### GIVEN DATA
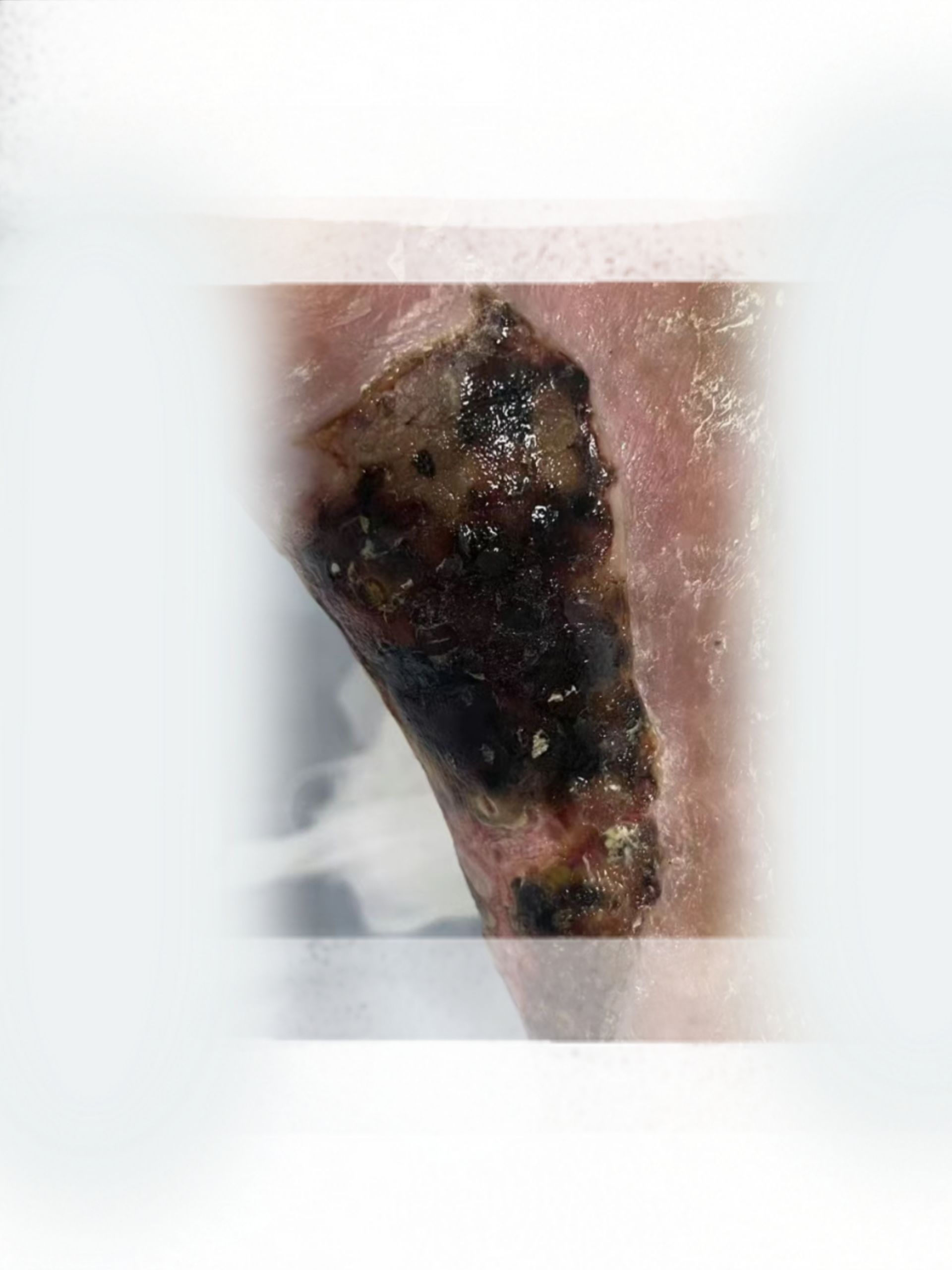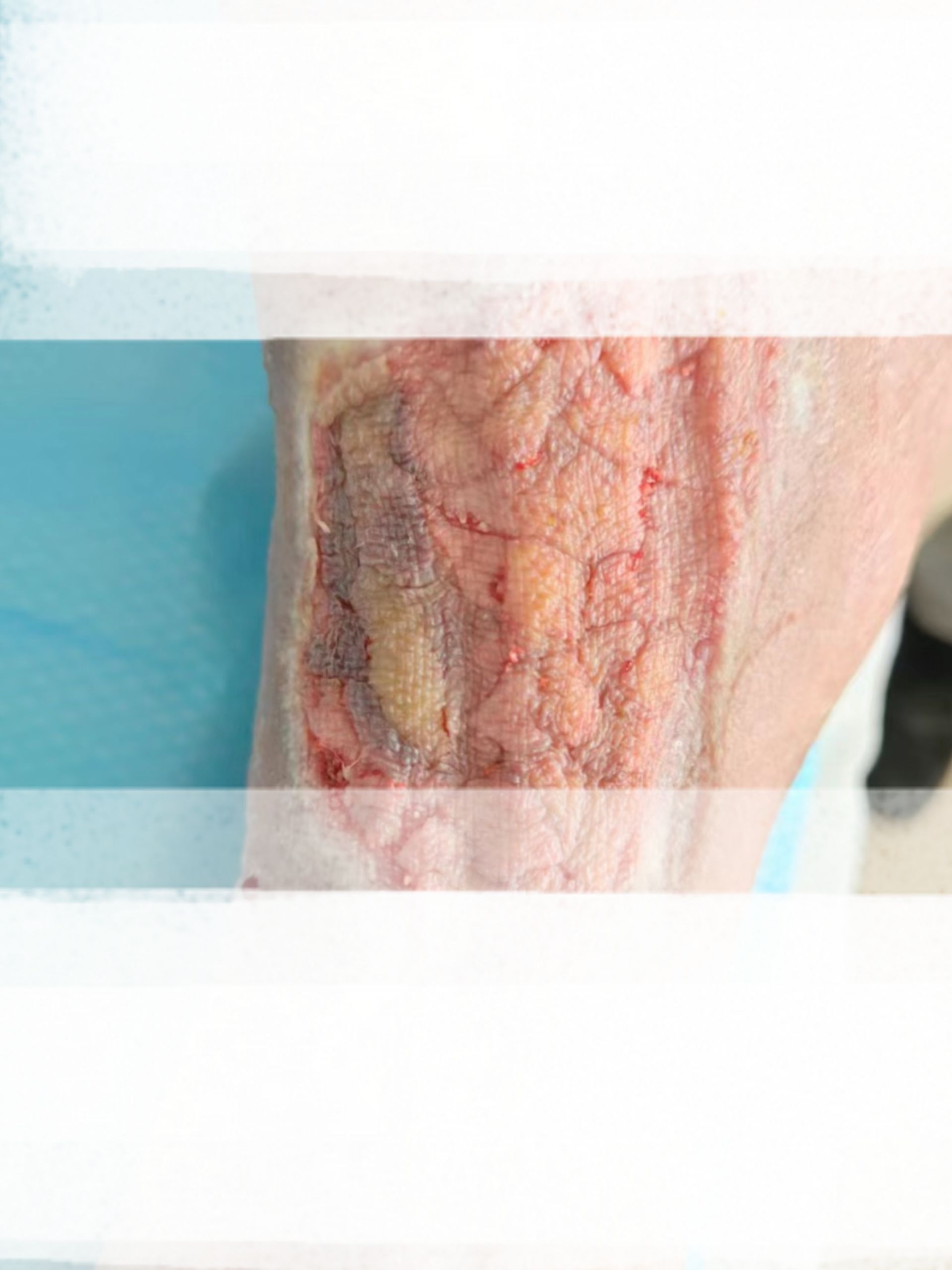 時(shí)間回到三周前,一場(chǎng)車禍讓程大爺?shù)挠蚁轮馐苤貏?chuàng)。在當(dāng)?shù)啬橙?jí)醫(yī)院接受多次清創(chuàng)術(shù)及負(fù)壓封閉引流(VSD)治療后,創(chuàng)面不僅未愈合,反而持續(xù)惡化——右小腿傷口潰爛流膿,皮膚呈黑褐色壞死狀,感染不斷加重。隨著病情進(jìn)展,程大爺身形日漸消瘦,血壓控制不佳,家人焦急萬分,帶著最后一絲希望轉(zhuǎn)診至孝感市中心醫(yī)院急診外科。
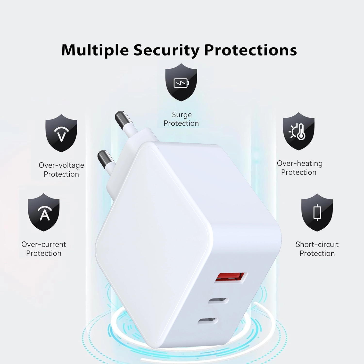 லேப்டாப் 2A வெளியீடுக்கான 65W PD 3.0 அல்ட்ரா-தின் 3 போர்ட் UK GaN சார்ஜர் ஃபாஸ்ட் சார்ஜர் OTP |
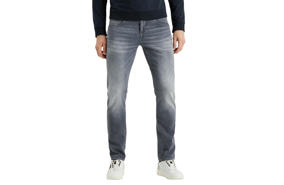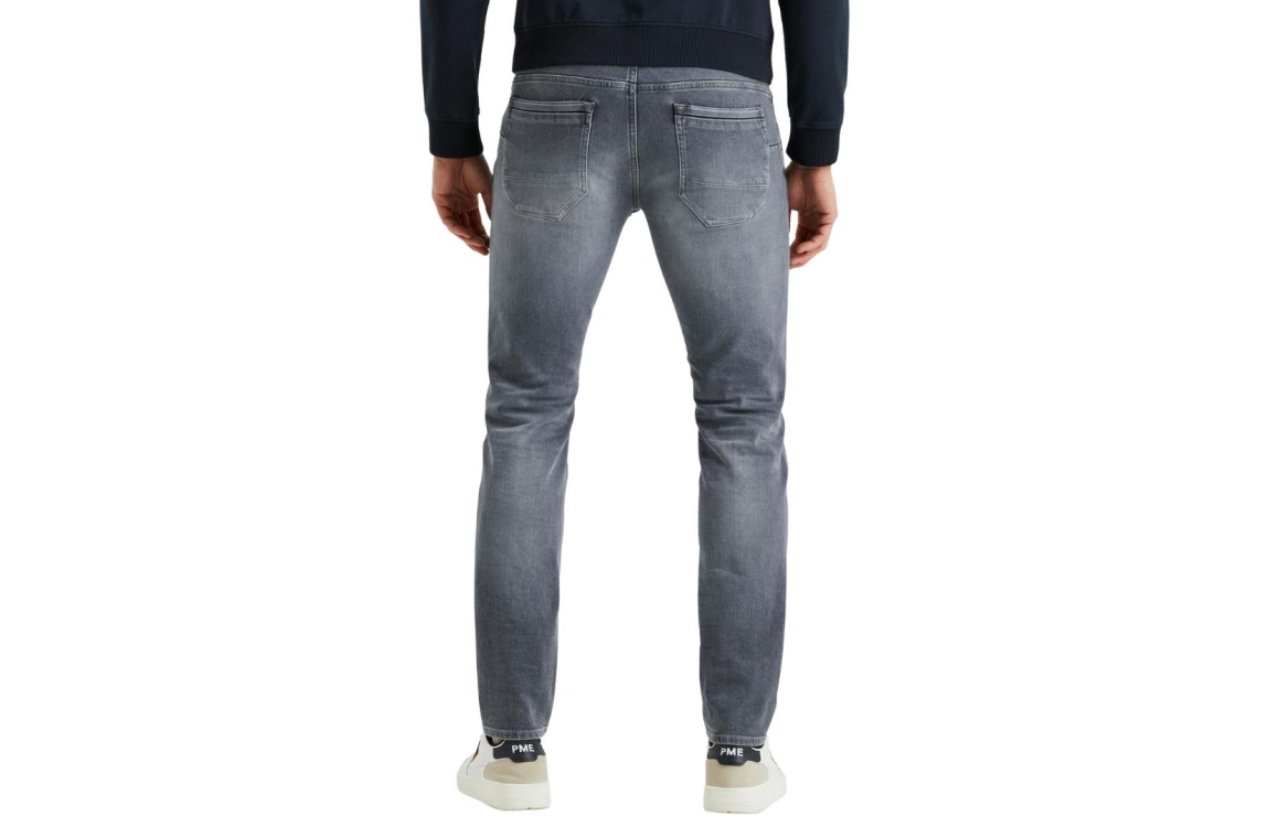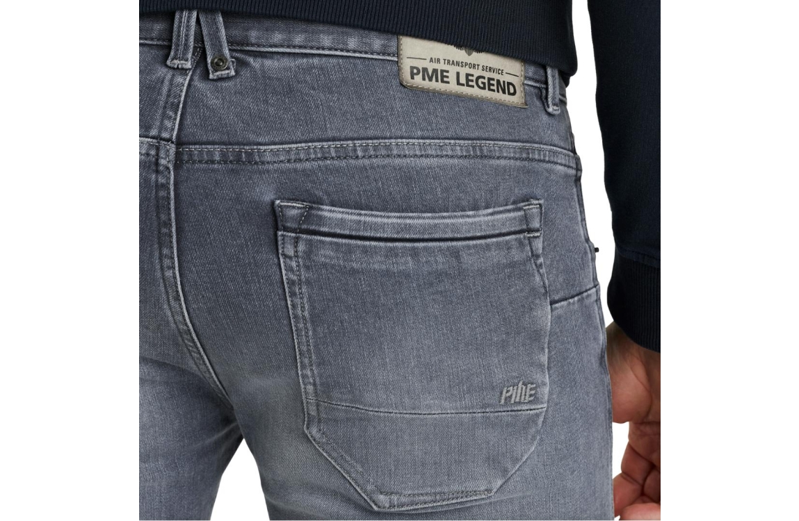 PME Legend Nightflight jeans PTR120-IGB. Dit regular fit model sluit door middel van een rits en een knoop afgewerkt met ceintuurlussen. Deze grijze jeans van PME Legend is voorzien van twee steekzakken met een muntzak aan de voorzijde en twee steekzakken aan de achterzijde.

### WHAT IS REQUIRED
Up to and including the line containing "லேப்டாப் 2A வெளியீடுக்கான", repeat every line from the start of the data, but none of the pictures.

### ANSWER FOR THIS EXERCISE
 時(shí)間回到三周前,一場(chǎng)車禍讓程大爺?shù)挠蚁轮馐苤貏?chuàng)。在當(dāng)?shù)啬橙?jí)醫(yī)院接受多次清創(chuàng)術(shù)及負(fù)壓封閉引流(VSD)治療后,創(chuàng)面不僅未愈合,反而持續(xù)惡化——右小腿傷口潰爛流膿,皮膚呈黑褐色壞死狀,感染不斷加重。隨著病情進(jìn)展,程大爺身形日漸消瘦,血壓控制不佳,家人焦急萬分,帶著最后一絲希望轉(zhuǎn)診至孝感市中心醫(yī)院急診外科。
 லேப்டாப் 2A வெளியீடுக்கான 65W PD 3.0 அல்ட்ரா-தின் 3 போர்ட் UK GaN சார்ஜர் ஃபாஸ்ட் சார்ஜர் OTP |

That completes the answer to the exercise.